There is currently no international process through which this could happen, as multilateral human rights-based discussions about unilateral sanctions largely take the form of sanctioned states and their allies pushing back against sanctions-issuing states. In this polarized context, legitimate critiques risk being lost. States with Magnitsky legislation should therefore consider establishing a forum in which they are able to discuss and agree collective standards around the human rights issues raised by unilateral sanctions.
New models are needed for the prevention of mass atrocity crimes
While the R2P doctrine and Human Rights Up Front agenda have floundered, the need for a rejuvenated system of conflict prevention and civilian protection grounded in human rights remains urgent. This needs to be informed by lessons from Russia’s invasion of Ukraine, as well as civil conflict in Ethiopia and Myanmar, among others.
In the context of UNSC deadlock, UNGA can play an important role. The ongoing initiative to draft an international convention on crimes against humanity would further strengthen the normative framework around mass atrocity crimes. More broadly, proposals made by Pablo de Greiff and Adama Dieng in 2018 called for a ‘comprehensive framework’ encompassing a breadth of measures that would contribute to the prevention of atrocities. Their proposals also revived certain elements of Human Rights Up Front, including holistic country-level analyses by the UN system on conflict vulnerability. This concept of a framework approach encompassing human rights needs to be championed by the UN secretary-general and carried forward by willing states.
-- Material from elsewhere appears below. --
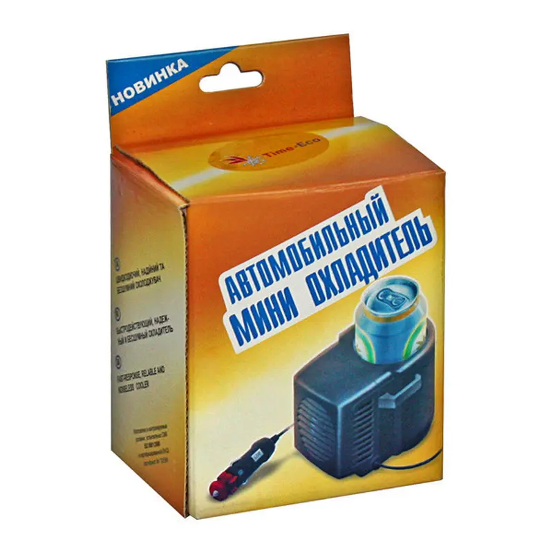 Він є електричним приладом, в якому застосовано екологічно чистий, напівпровідниковий термоелектричний агрегат. Корпус приладу виконаний з пластика АБС. Усередині корпусу розташовані елементи холодильного агрегату. Банку з напоєм встановлюється в ложемент приладу. Шнур живлення міні охолоджувача оснащений штекером для підключення до гнізда прикурювача автомобіля.
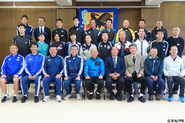 4月18日・19日に岡山県で第1回JFAレフェリーキャラバンを実施しました。これは、JFA審判委員やJFA審判インストラクターが、JFAと47都道府県サッカー協会(47FA)審判委員会と同じ方向性をもって継続的に審判員と審判インストラクターのレベルアップを目的とした活動です。2015年から2018年に47FAを2日間訪問して審判活動を協働で行い、47FAの審判の課題や今後の方向性などを情報交換します。2016年3月までの1年間で13の都道府県サッカー協会での開催を予定しています。

The prevention agenda is strongly linked to accountability. In the context of Russia’s war on Ukraine, multiple parallel investigative mechanisms aimed at delivering accountability need to deliver results. This is of high importance for the future credibility of the system, and will require sustained political will and co-operation among many states.
A better funding solution must be found for the UN human rights system
Lack of resourcing for the UN human rights system relative to other parts of the UN is a perennial problem that lingers unaddressed, and which seems to have been accepted as immutable. The growing reliance of OHCHR on voluntary contributions to fund its core work places it in an increasingly precarious position. Although the prospects for change in the near term seem remote, states need to champion this agenda and seek a more sustainable, long-term funding solution, rather than leaving OHCHR to fight its own corner indefinitely.
The important role of civil society needs to be upheld
Open engagement with civil society on the part of states would significantly enrich the prospects for fulfilling each of the previous proposals, and therefore the prospects for more effective human rights diplomacy in the future. Civil society organizations play a crucial role across the full spectrum of human rights work, from monitoring and reporting to service delivery and policy innovation. It is essential that their role is protected, including by facilitating access to multilateral institutions and strengthening recourse in the case of reprisals. The UN secretary-general must maintain a structured engagement with civil society organizations concerned with human rights, while also consistently and publicly condemning threats or attacks against civil society representatives to facilitate their fulsome engagement in human rights diplomacy.